By Bradley Zint
10:18 PM PST, January 10, 2013
It took a rejection from a sandwich chain for Troy Feist to realize that he should just start his own.
Fresh out of high school and 19 years old, Feist always loved food — sandwiches, in particular — and he figured opening up a Togo's might be a good idea. So he and a friend made an appointment at the Togo's headquarters in San Jose.
"We met with them for maybe about five minutes before they shooed us out of their office," Feist said.
But it was a blessing, he remembered thinking, because now he could make sandwiches the way he wanted.
After coming up with a business plan — which they learned about after a trip to the library — and receiving a $55,000 loan from his dad, Feist opened Lakeside Sandwich Shop in 1981 near Folsom Lake, north of Sacramento.
That shop was the predecessor to the Beach Hut Deli, whose 31st store is now open for business in Costa Mesa. It's the Granite Bay-based chain's first restaurant in Southern California. Most of the other locations are around the Sacramento area. Three are in Nevada.
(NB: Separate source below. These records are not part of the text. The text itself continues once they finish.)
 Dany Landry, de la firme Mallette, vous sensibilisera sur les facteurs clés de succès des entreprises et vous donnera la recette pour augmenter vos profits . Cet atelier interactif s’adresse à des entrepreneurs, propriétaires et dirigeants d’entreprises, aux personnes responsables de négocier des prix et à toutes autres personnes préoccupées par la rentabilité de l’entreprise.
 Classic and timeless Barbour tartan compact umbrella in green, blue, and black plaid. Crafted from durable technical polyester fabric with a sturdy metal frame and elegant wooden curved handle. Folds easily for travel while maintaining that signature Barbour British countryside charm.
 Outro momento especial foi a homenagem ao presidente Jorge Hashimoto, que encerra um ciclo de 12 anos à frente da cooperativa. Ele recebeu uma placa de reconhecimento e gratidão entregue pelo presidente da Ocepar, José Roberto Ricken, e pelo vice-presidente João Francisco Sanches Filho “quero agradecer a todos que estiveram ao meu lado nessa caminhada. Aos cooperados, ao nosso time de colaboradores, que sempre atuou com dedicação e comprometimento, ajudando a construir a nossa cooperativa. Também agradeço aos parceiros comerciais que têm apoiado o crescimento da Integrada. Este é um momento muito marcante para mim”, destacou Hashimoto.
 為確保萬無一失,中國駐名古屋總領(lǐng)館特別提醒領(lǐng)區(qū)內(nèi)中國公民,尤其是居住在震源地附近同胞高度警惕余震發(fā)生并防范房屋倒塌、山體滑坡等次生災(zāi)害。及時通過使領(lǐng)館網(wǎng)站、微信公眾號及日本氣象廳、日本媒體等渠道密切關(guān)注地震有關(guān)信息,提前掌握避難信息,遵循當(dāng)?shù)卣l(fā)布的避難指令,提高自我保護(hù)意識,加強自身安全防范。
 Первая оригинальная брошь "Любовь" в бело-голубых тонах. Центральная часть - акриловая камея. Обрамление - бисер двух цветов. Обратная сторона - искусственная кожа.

The nearly 1,500-square-foot deli at 488 E. 17th St. is having its soft opening, though a grand opening is in the works.
Beach Hut offers more than 31 cold and hot sandwiches. The bread is imported from the Truckee Sourdough Co.
Examples include the Surfin' Pig — Canadian ham, avocado, bacon and cream cheese — and the Spicolli, a hot, oven-roasted turkey breast sandwich on a French roll with cheddar cheese, ranch dressing, lettuce and hickory-smoked bacon.
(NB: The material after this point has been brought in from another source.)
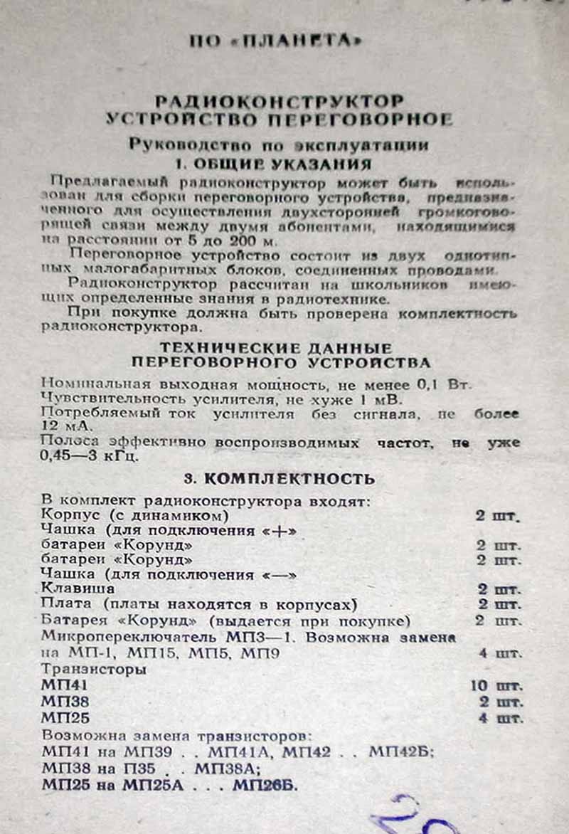 из которых смонтирован усилитель ЗЧ на транзисторах. В другом переговорном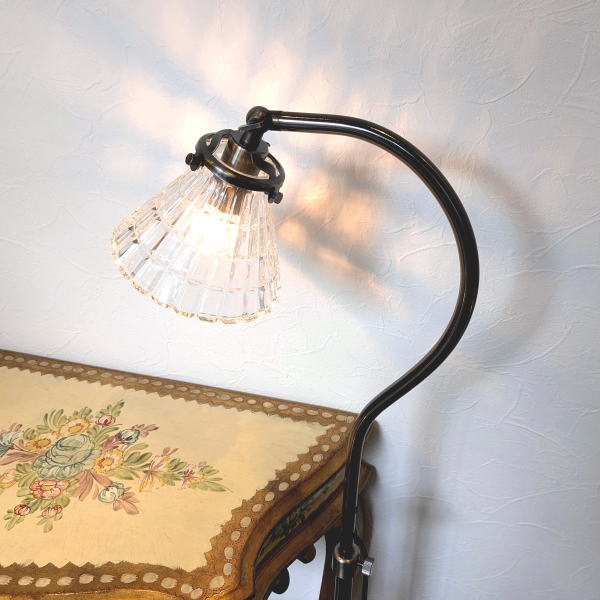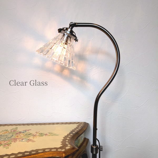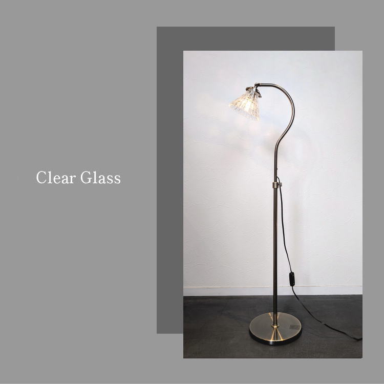 優雅なスワン型灯具に、華やかなカットが施されたクリアガラスを使用したフロアライトです。 光を受けるたびにきらめき、お部屋を上品に彩ります。

Then there's the Surfin' Bird — with turkey, avocado, bacon and cream cheese — and the Beach Bikini; it has turkey, cream cheese, cranberry sauce, sunflower seeds, alfalfa sprouts and mayo.
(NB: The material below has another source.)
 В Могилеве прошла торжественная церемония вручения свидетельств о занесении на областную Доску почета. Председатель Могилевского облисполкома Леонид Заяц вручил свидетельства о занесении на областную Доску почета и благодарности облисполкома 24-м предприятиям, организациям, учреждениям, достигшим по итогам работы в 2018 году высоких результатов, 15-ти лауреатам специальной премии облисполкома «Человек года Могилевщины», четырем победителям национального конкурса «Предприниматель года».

A dozen beers from local breweries will also be on tap.
Many tables at Beach Hut are shaped like surfboards. TVs abound, with some booths having their own. The outside patio, once complete, will have TVs, small tables, palapas and heat lamps. Reggae and island music plays in the background.
"There's bamboo everywhere, all along the bar and counter areas," said Jim Donnell, a 25-year Newport Beach resident and commercial broker who helped bring Beach Hut to Newport-Mesa. "There's lots of palapas. With the attention to detail in the design upgrades, it adds to the uniqueness of the whole place."
Kristiane "Pun" Thompson, who's worked at Beach Hut since she was 15, is going to run the Costa Mesa location.
"To bring the franchise down here means so much to me and so much to our brand," she said. "We're so excited to be down here."
Donnell said he felt Beach Hut will stand out against other sandwich chains such as Subway, Quiznos or Jersey Mike's Subs. The Beach Hut aims to be a destination where patrons stay for 30 minutes or more; it wants to be a neighborhood gathering place, he said, not just another fast-food joint.
Feist said his restaurant will display the work of local artists and host acoustic music nights, beer samplings and other events.
A second O.C. location is planned to open in April in Huntington Beach, Donnell said.
But opening in Newport-Mesa, Feist said, has been particularly special. His family used to take beach trips to Newport, where he loved bodysurfing and everything about the water.
"This is a full-circle kind of thing for me … definitely a dream come true."